CCGA publishes advancements on a wide range of crops, livestock and honey.

“Our goal at the CCGA has always been to be that one-stop-shop for the average farm in Western Canada to meet all of their cash needs,” he said.

This is also the goal of FarmCash, which extends to Saskatchewan and British Columbia, as well as Alberta.

“During the pandemic, we saw a very high demand for FarmCash from producers outside of Alberta,” said Khurram. “They were facing delays in their cash advances and FarmCash is there to meet their short-term needs…

“We did a thorough analysis and as a result we saw the need and the demand for this service for them…”

But it’s not easy to gain market share where other treasury managers are well established, Gallant said.

“We haven’t seen a significant change in market share in Alberta,” he said. “Their business model is a little different, and it will be interesting to see how it works for farmers in Manitoba and Saskatchewan who want to take out an advance with an Alberta association.

“Basically, clients don’t move between admins. They stay relatively loyal to the admin they’ve been dealing with, so we don’t think there will be a big impact. “

One advantage is that FarmCash incentivizes new farmers to take advances, Gallant added.

“What you’ve seen over the past two years is that some of the smaller directors have given up,” he said.

And if the choices are good for farmers, the more associations there are offering cash advances, the more farmers pay for administration, Gallant said. Boards will have to decide whether the cost of administering the advances is worth it for the farmers they serve, he added.

The CCGA typically lends over $ 1.6 billion per year and is able to borrow at a low rate and fund its program on the small margin it earns between the cost of borrowing and the loan.

“The only farmers who pay for this are those who use the CCGA program,” Gallant said.

FarmCash has invested $ 400,000 in its program, Khurram said. Presumably, this is the revenue generated by the AWC levy. But the goal is to make FarmCash self-sufficient, she said.
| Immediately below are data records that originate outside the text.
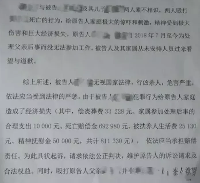 加之邵某也说了自己心脏不舒服,所以姜林在能够预见到自己的行为,会诱发邵某突发心脏疾病、加重呼吸不畅的严重后果,仍旧压在邵某身上,漠视邵某的生命安全,并最终导致邵某死亡。 则姜林符合过失致人死亡罪的犯罪构成,应当承担刑事责任,同时还要附带民事赔偿。 接着,律师详细地列出了赔偿丧葬费、死亡赔偿金、被抚养人生活费及家属的精神抚慰金共计81万余元。
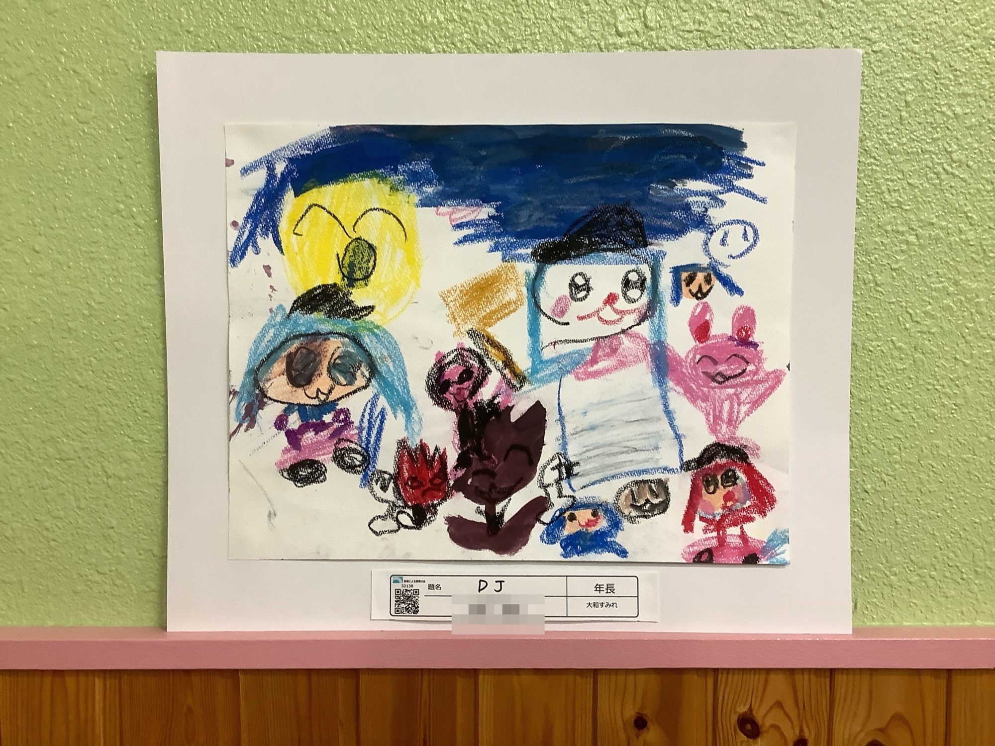 わかめせんせい 先生2026年1月9日 10:13 PM 画面いっぱいに人や生きものが集まっていて、 とてもにぎやかな音が聞こえてきそうな絵ですね。 まんなかの大きな人を中心に、 まわりにいるみんながそれぞれちがう表情や色をしていて、 「楽しい!」という気持ちが重なって広がっているのがよく伝わってきます。 上の青い色は、音や空気がゆれているみたいで、 DJの音楽が会場いっぱいに流れている感じがします。 ひとりひとりをていねいに描き分けているところや、 顔の表情をしっかり描こうとしているところが、とても印象的です。 好きな世界を、思いきり画面に出せていますね。 このDJは、どんな音楽をかけているのかな? つぎは、その音が聞こえるような色や形も、ぜひ描いてみてください。 ログインして返信する ↓
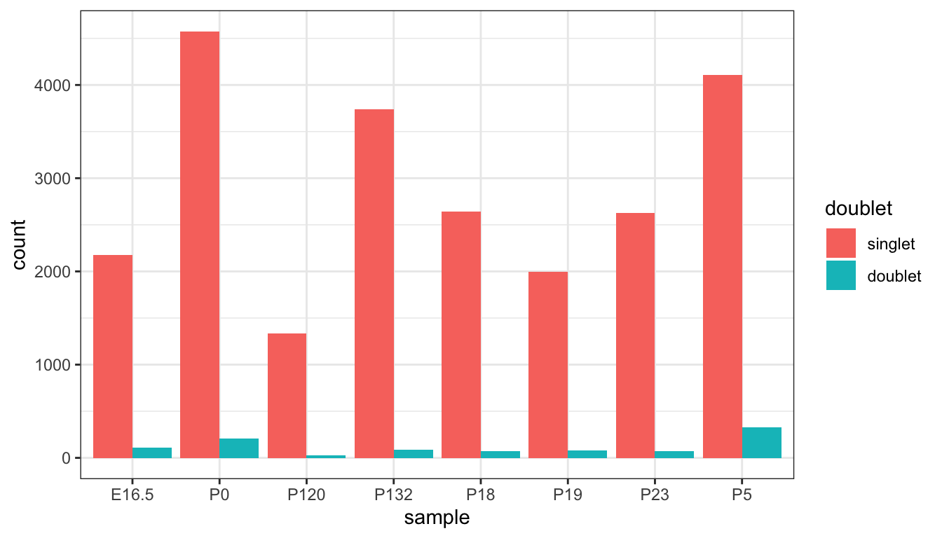 qc_plot <- data.frame(sample = sce$age, doublet = sce$scDblFinder.class)
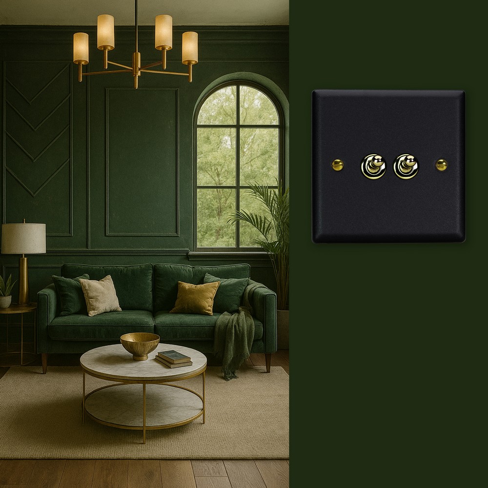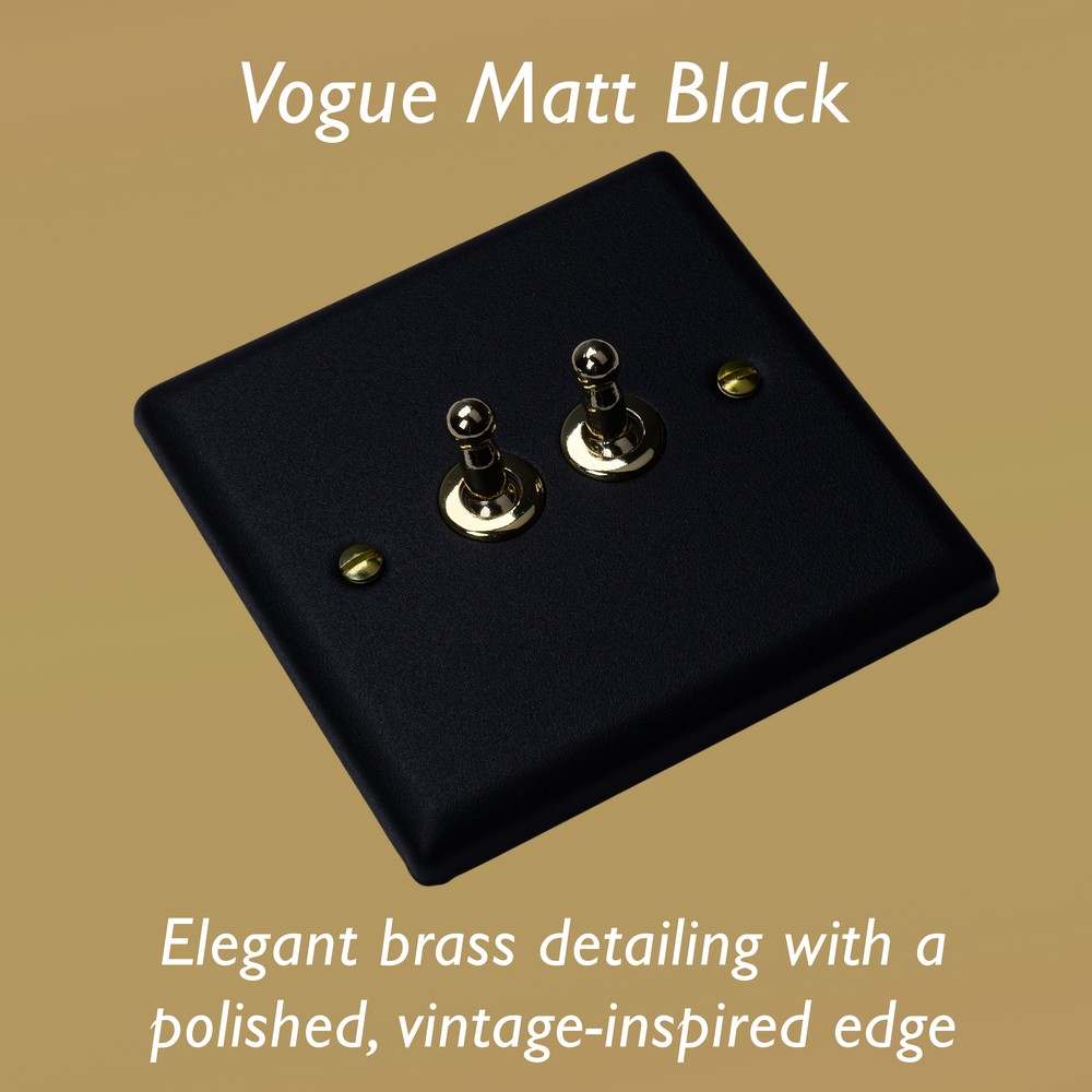 The Matt Black finish is powder-coated to give a tactile, textured finish, which is tough, durable and resistant to fingerprints and is elevated here with the signature brass detailing of the Vogue Collection. Varilight Decorative wiring accessories are British made and covered by the Varilight lifetime guarantee.
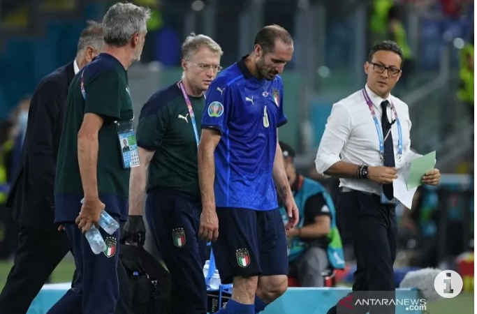 ROMA–Kapten tim nasional Italia Giorgio Chiellini terpaksa meninggalkan lapangan karena mengalami cedera pada babak pertama pertandingan Piala Eropa 2020 melawan Swiss di Roma, Kamis dinihari WIB.
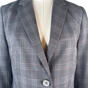 Talbots Grey Size 4 Plaid Two-Button Blazer Wool Blend
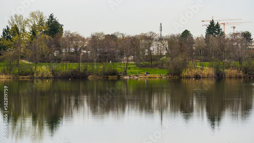 Obraz premium City park with cranes symmetrically reflected in lake water
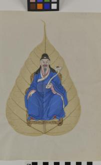 DescriptionChinese export painting; image depicts a seated male figure in a blue robe holding a sceptre in his left hand properStatus
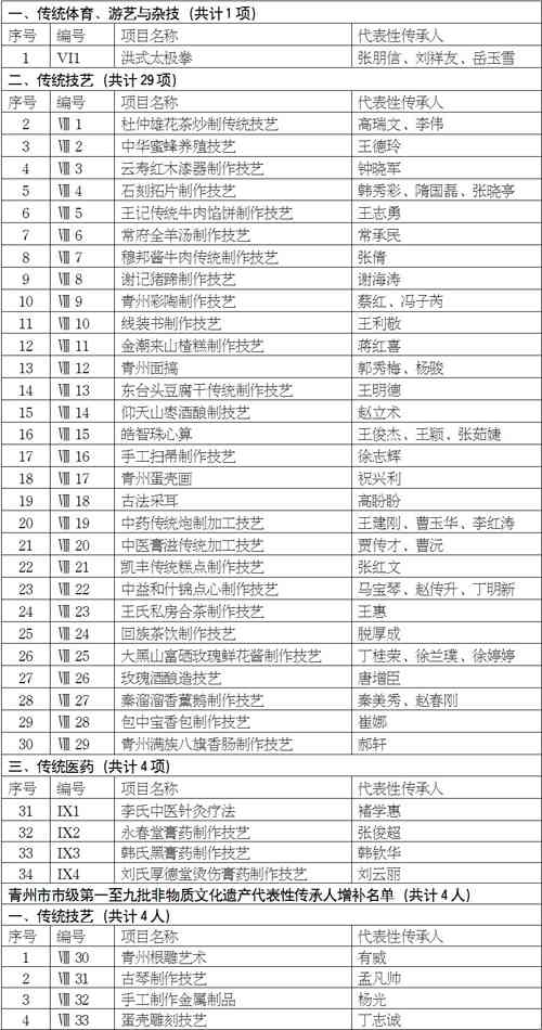 第十批青州市市级非物质文化遗产保护名录

Last year, AAFC “made it clear that the revenue generated by the program is to be directed towards the delivery of the AP and for the benefit of program participants,” the ministry said in an email on March 18. APP contingency fund to cover unforeseen costs of program execution. Once this fund is established, part of the income generated by the program can be used to support activities unrelated to the APP. “

Over the years, questions have been raised about the possibility of transforming the APP – a government program – into another source of income for associations.

Some farmers have criticized the CCGA for failing to report income, including income from issuing advances. As a private, not-for-profit company, it is not required to make its financial statements public.

But “starting in the 2020 program year, administrators are required to post their prepayment program financial statements on their web page,” AAFC said.

The new rules will likely see fewer directors in three to five years, Gallant said.

“Where there is duplication of service, it wouldn’t surprise me if small administrators choose not to continue because the new rules make it less attractive,” he said.